My research on the topic... as has sort of been confirmed by this thread... is that wireless clear com is a bit of a crap shoot. You can pay a lot of money and get something that still has issues. I'm intrigued by the Eartec Digicom system. The Digicom system is 900 mhz, digital spread spectrum technology, and it's full duplex. For about $2500 from Markertek.com you can get an interface station, 3 belt packs and headsets. The interface just plugs into any clear com jack and you are ready to go. Or you can use the three radios as a complete stand alone system. I still haven't found anyone who actually owns one to tell me how they like it or not. But someone around here (Icewolf I think) uses one of their headsets and likes it.


----------



## icewolf08

Using a headset and liking it does not qualify me to talk about any of their other products. I believe eartec started with headsets, and I know they do that well. As for wireless coms, I have no idea.

The system I really would love to test run is the Clear-Com Cellcom sysem. It sounds like a great system. We just installed one of the new ClearCom WBS systems, and it has worked great. Before we were using one of the Telex systems and it was lousy. That's my two cents.


----------



## kwotipka

From experience the Telex BTR systems are excellent and rock solid IF they are setup correctly. It always annoys me when the sound dept just unpacks the wireless rigs and leaves them "as is". You should always check at least with an intermod calculator to see if you might have issues. Shure offers a frequency suggestion somewhere on their website for your area of the country.

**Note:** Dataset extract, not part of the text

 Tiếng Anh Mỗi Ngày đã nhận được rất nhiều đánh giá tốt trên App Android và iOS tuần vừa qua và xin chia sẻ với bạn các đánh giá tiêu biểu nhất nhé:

The two things I would throw out is:

1) Make SURE that what you are getting can run in the unlicensed part of the band or get the licenses.
2) Do some homework and see what is going on in that part of the band first. A hand held scanner or help from a local HAM could save you some issues.

I think a ham radio license should be a requirement for anyone dealing with wireless gear.

kw


----------



## mbenonis

kwotipka said:


> 2) Do some homework and see what is going on in that part of the band first. A hand held scanner or help from a local HAM could save you some issues.
> I think a ham radio license should be a requirement for anyone dealing with wireless gear.
> kw



I wholeheartedly agree with this. A wireless tech's best friend is a scanner or HT with wideband receive. I know it has been useful for me many times when debugging issues.

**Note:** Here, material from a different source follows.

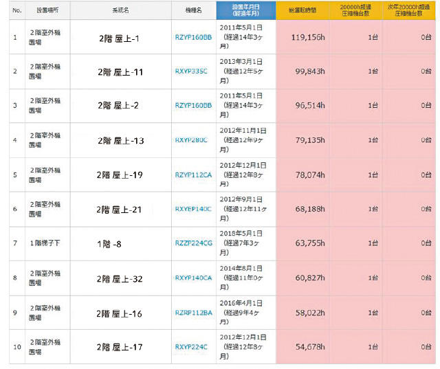 アシスネットのアプリを参照すれば、系統ごとに空調機の稼働時間がランキング形式でグラフ表示できるなど、稼働状況が可視化されました。これにより、稼働時間が長い空調機はあらかじめ故障に備えておくことが可能。故障する前に部品を交換すれば、故障にともなう出費を最小限に抑えられます。このように、空調機保全を計画的に行えることは大きなメリットです。
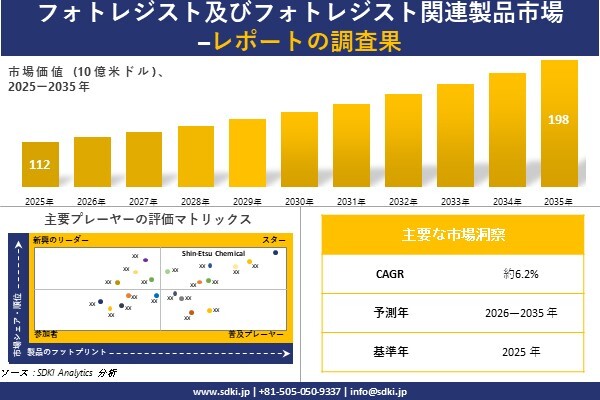 SDKI Analytics(本社:東京都渋谷区)は、このたび、2026年02月19に「フォトレジスト及びフォトレジスト関連製品市場調査レポート:2026-2035年の市場規模、シェア、傾向の予測」を発表しました。フォトレジスト及びフォトレジスト関連製品に関する市場調査レポートには、統計的および分析的アプローチを使用した予測評価が含まれています。この調査レポートでは、一次および二次調査方法を使用して分析された主要な業界洞察を通じて将来の傾向を理解できるようにすることで、主要な市場動向を読者に説明しています。

kwotipka, do you have a ham license?


----------



## kwotipka

mbenonis said:


> kwotipka, do you have a ham license?



Yep, KD5QYV. Was past ARES EC for the parish. Provided coordination between Red Cross, Medical, law enforcement, etc at the second largest shelter (Lafayette Cajundome) for the Katrina evac. We had POTS, T1/T3, Fiber, cable modems, Sat, VoIP, SIPs, etc. It was a mess.

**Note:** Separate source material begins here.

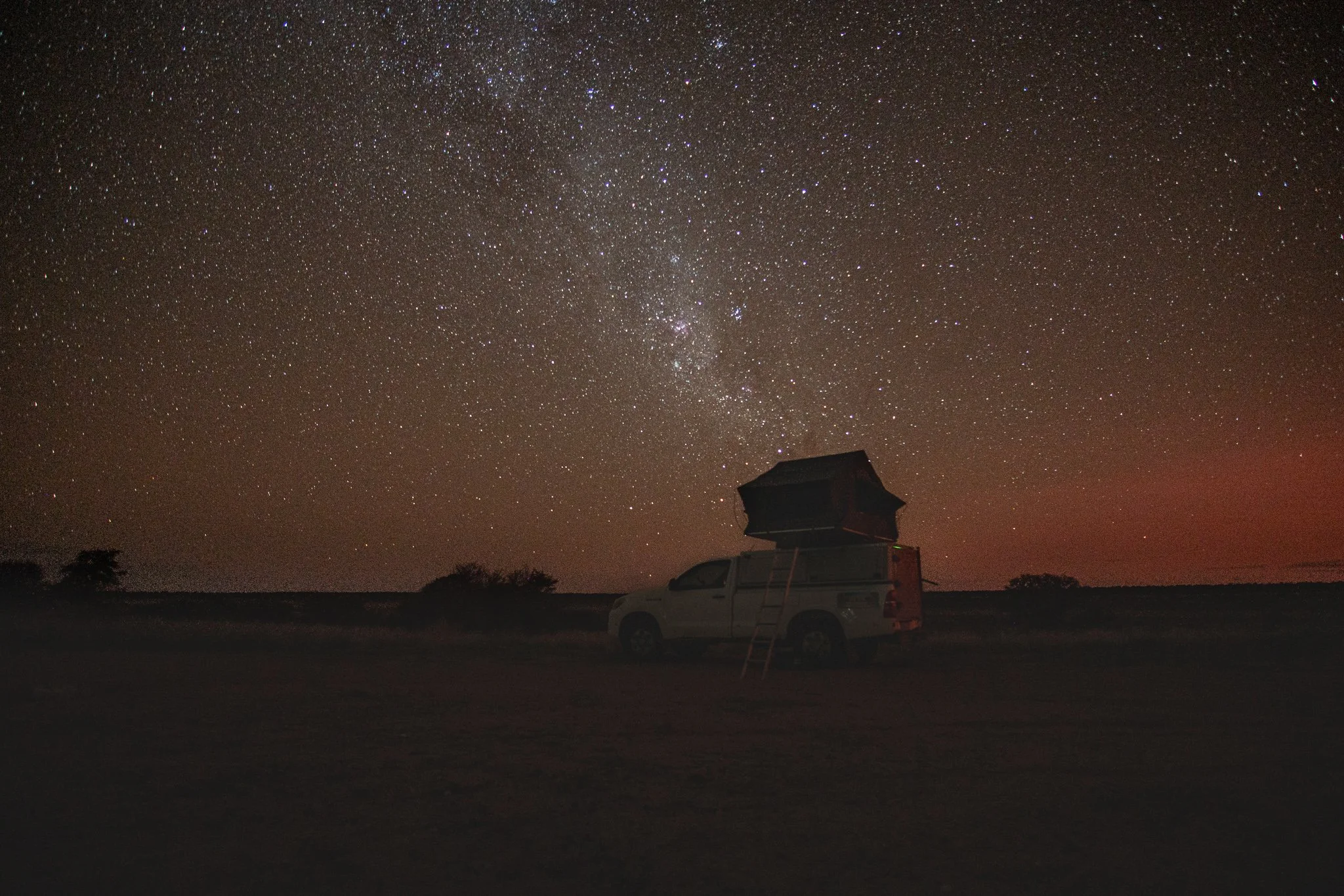Wir diskutierten unsere Möglichkeiten. An der Stelle stehenzubleiben, war keine Option, denn das heranziehende Unwetter wäre für uns zwei Autos mit Dachzelt auf einer flachen Ebene ohne jegliche Erhöhungen zu gefährlich. Kurzerhand entschieden wir uns, alle bei uns im Auto zu schlafen und räumten alle wichtigen Utensilien von einem ins andere Auto. Linda und die zwei Jungs setzten sich auf den Beifahrersitz, Caro und Enrique stiegen aufs Autodach und Julian gab sein bestes, alle heil zum Platz zu bringen. Wir waren beeindruckt von der Gelassenheit der vier, die sich nicht aus der Ruhe haben bringen lassen. Die beiden Jungs sind wohl die unkompliziertesten Kinder, die wie je gesehen haben. Laut Linda hat es ein paar Wochen gedauert, bis sie verstanden haben, was „Mama und Papa mit ihnen vorhaben“, danach haben sie sich aber ohne Probleme auf jedes Abenteuer eingelassen. Am Platz angekommen, räumten wir die gesamte Ladefläche des Autos aus und stellten alle Taschen und Kisten geschlossen unter das Holzabdach. Die Matratze aus dem Dachzelt der Familie passte ungefähr auf die Ladefläche und so war die Notlösung für die Nacht gefunden: sechs Personen auf nichtmal sechs Quadratmetern. Kurz vorm Schlafengehen kreuzte ein Leopard unser Camp, den Caro und Enrique wohl mit Taschenlampe und Rufen nach Julian, der gerade wenige Meter entfernt duschen war, verscheuchte.

Currently APRS Igate/digi manager for the RF region. Teach radio merit badge at local winter camp for past 4 years. Yea, I guess you could say I am a ham although my truck only has one antenna on it! (Besides factory FM).

kw


----------



## mixmaster

sobenson said:


> I know this is about a year old, but has there been any new info anyone can pass on? I am looking to supplement my current wired clear-com system, but clear coms wireless for 4 belt packs is around $12,000.



We also have a wireless system that we can plug in to the wired clearcoms in eaither of my venues on campus, or the comm circiut for the TV station and camera crews. We can also use it as a completely stand-alone system when we set up in a room that does not have any current intercom system. When interfacincing with a wired system it plugs in to the same 3-pin xlr that one would normally plug in a belt pack. We have Clearcom, Telex, and some other brand and the wireless unit works with all of the above. 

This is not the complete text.